-- Provided data follows --

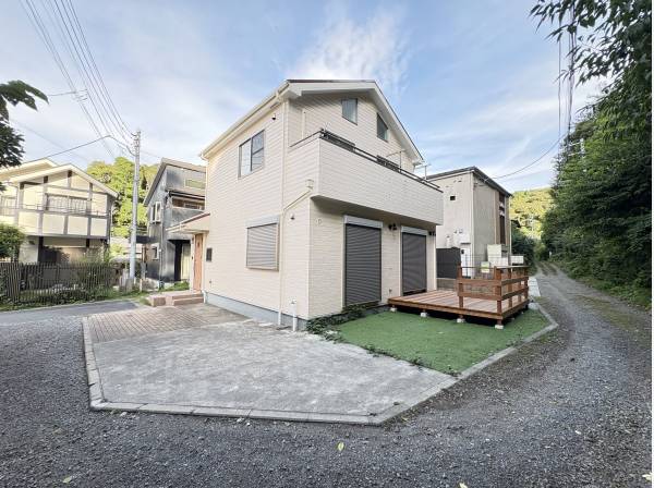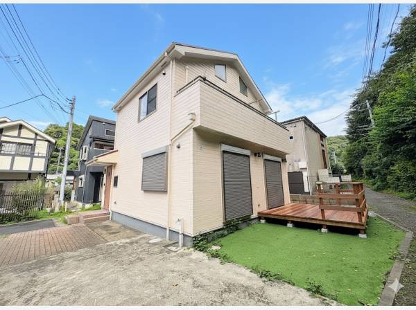 緑に囲まれたウッドデッキ付きの家、「鎌倉」駅から徒歩22分。
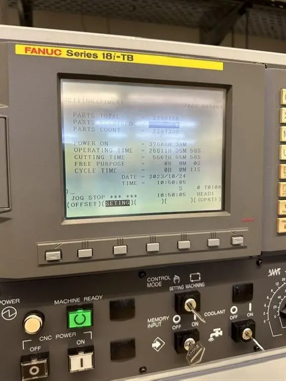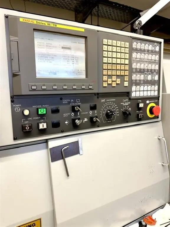 Steuerung: FANUC 18i-TB, bekannt für ihre Zuverlässigkeit und benutzerfreundliche Oberfläche, ermöglicht präzise Einstellungen und Kontrolle über den Bearbeitungsprozess.
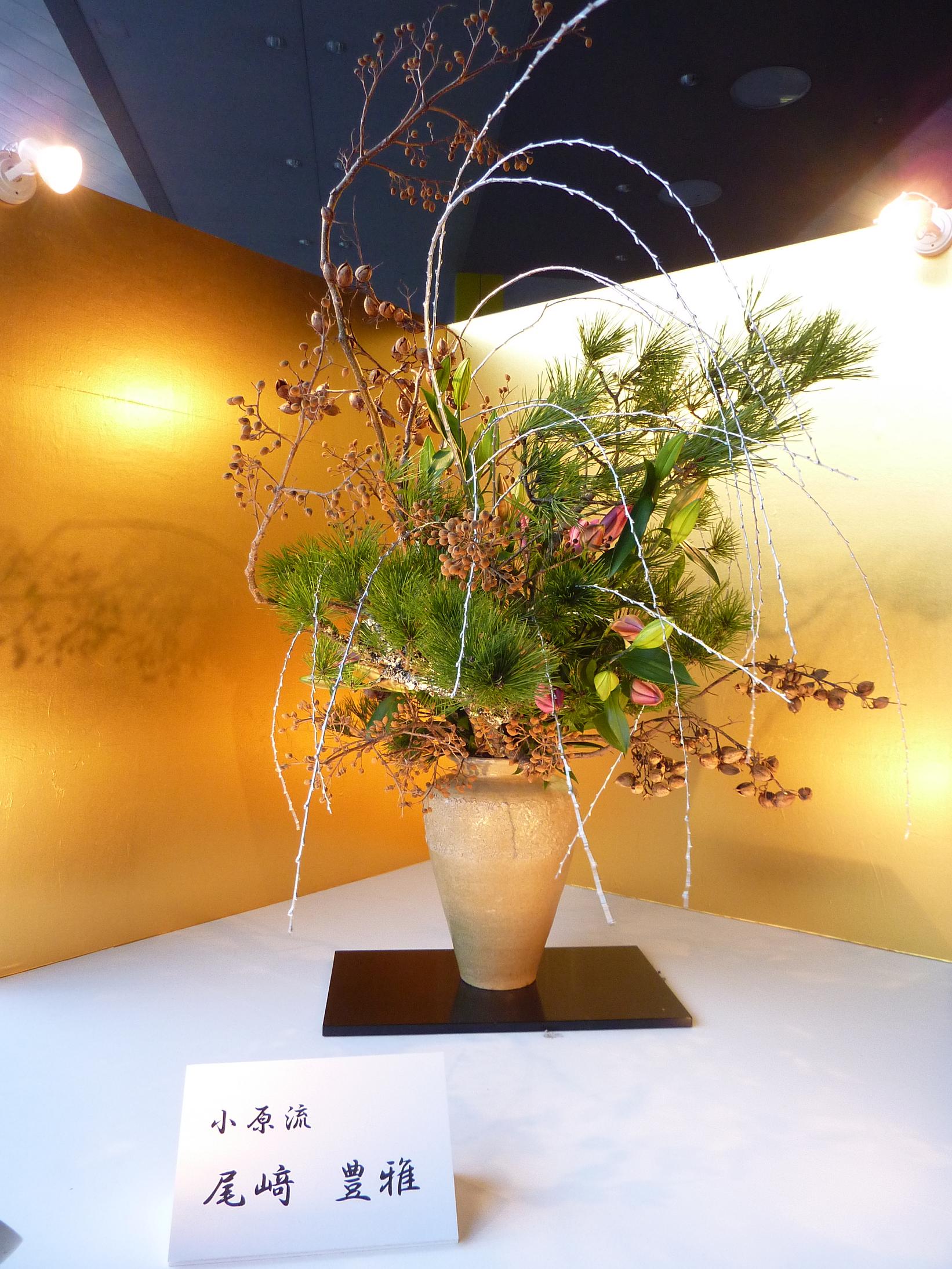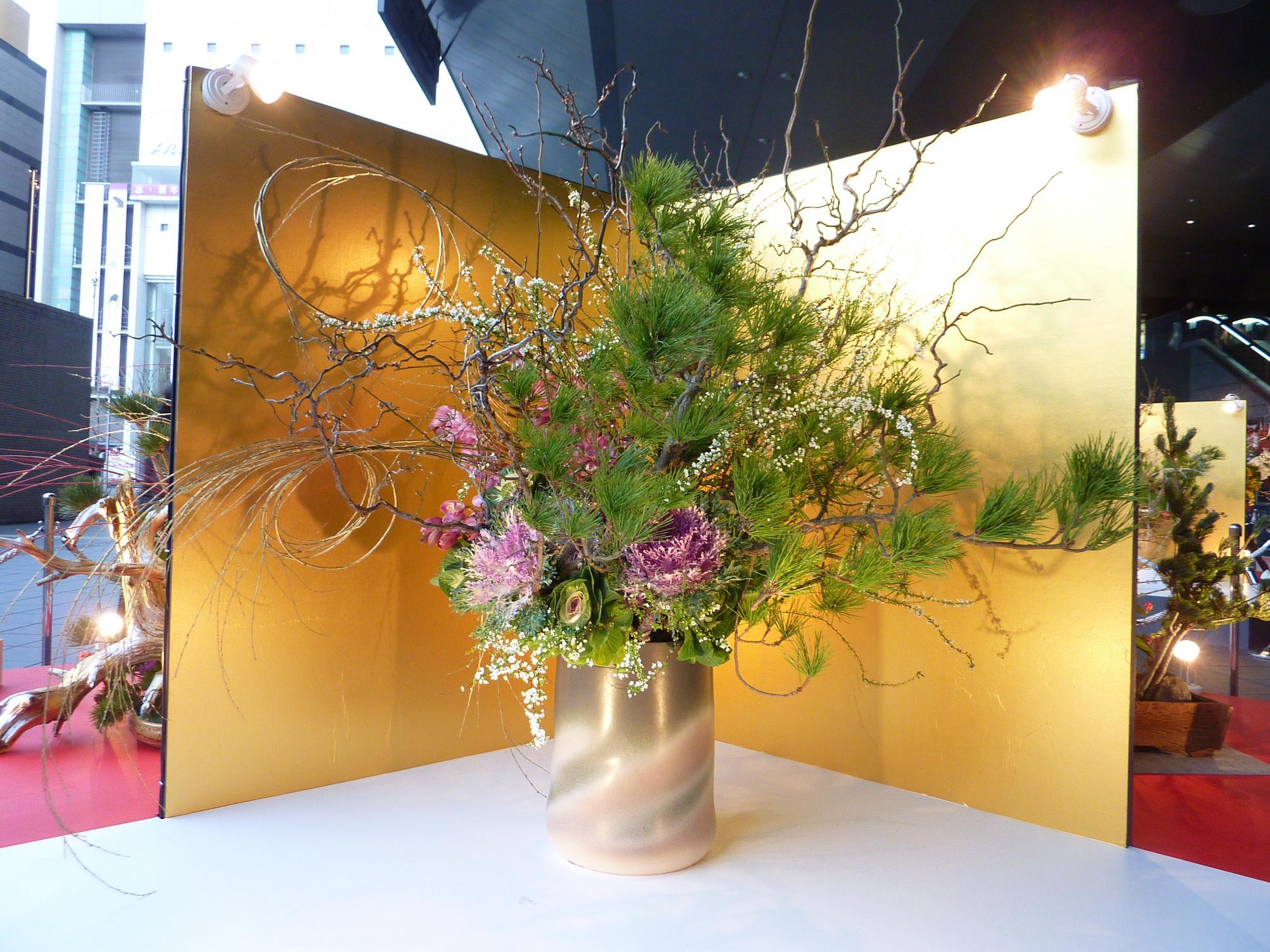 豪華絢爛 金箔の屛風を背景に どれもお正月らしい活け花ですねえ。
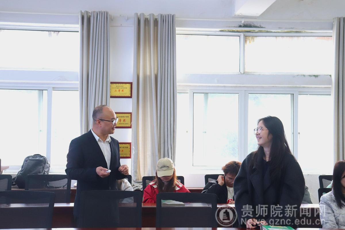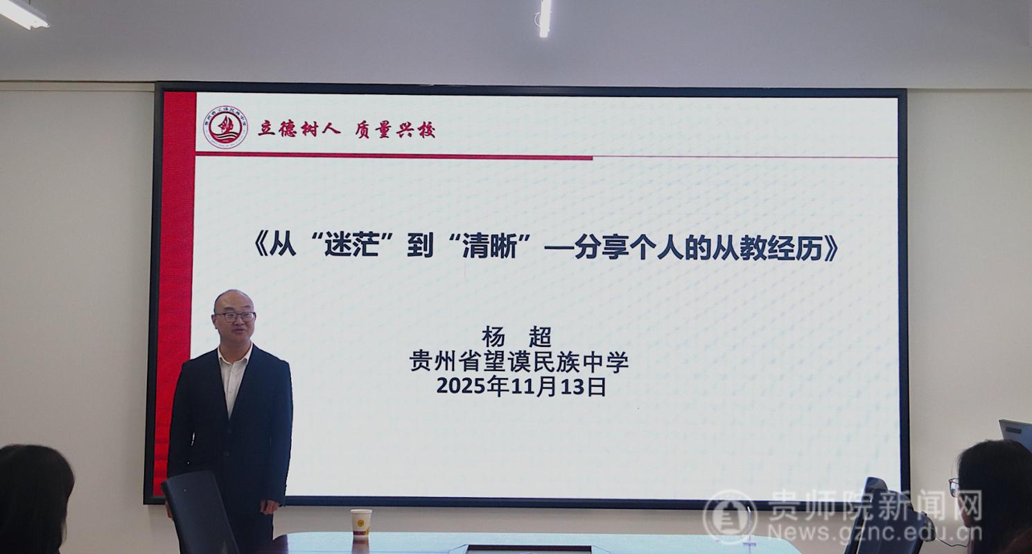 為助力學(xué)生明晰職業(yè)發(fā)展方向,汲取從教經(jīng)驗,11月13日,生物科學(xué)學(xué)院特邀貴州省望謨民族中學(xué)楊超老師,于寧靜樓611開展《從“迷茫”到“清晰”——分享個人的從教經(jīng)歷》主題學(xué)術(shù)講座。本次講座由學(xué)院副院長孟澤彬主持,24應(yīng)生一班學(xué)生到場聆聽。

-- Provided data concluded --

-- The problem --
Make an exact copy of the listing, with no images in it.

-- Response area --
 緑に囲まれたウッドデッキ付きの家、「鎌倉」駅から徒歩22分。
 Steuerung: FANUC 18i-TB, bekannt für ihre Zuverlässigkeit und benutzerfreundliche Oberfläche, ermöglicht präzise Einstellungen und Kontrolle über den Bearbeitungsprozess.
 豪華絢爛 金箔の屛風を背景に どれもお正月らしい活け花ですねえ。
 為助力學(xué)生明晰職業(yè)發(fā)展方向,汲取從教經(jīng)驗,11月13日,生物科學(xué)學(xué)院特邀貴州省望謨民族中學(xué)楊超老師,于寧靜樓611開展《從“迷茫”到“清晰”——分享個人的從教經(jīng)歷》主題學(xué)術(shù)講座。本次講座由學(xué)院副院長孟澤彬主持,24應(yīng)生一班學(xué)生到場聆聽。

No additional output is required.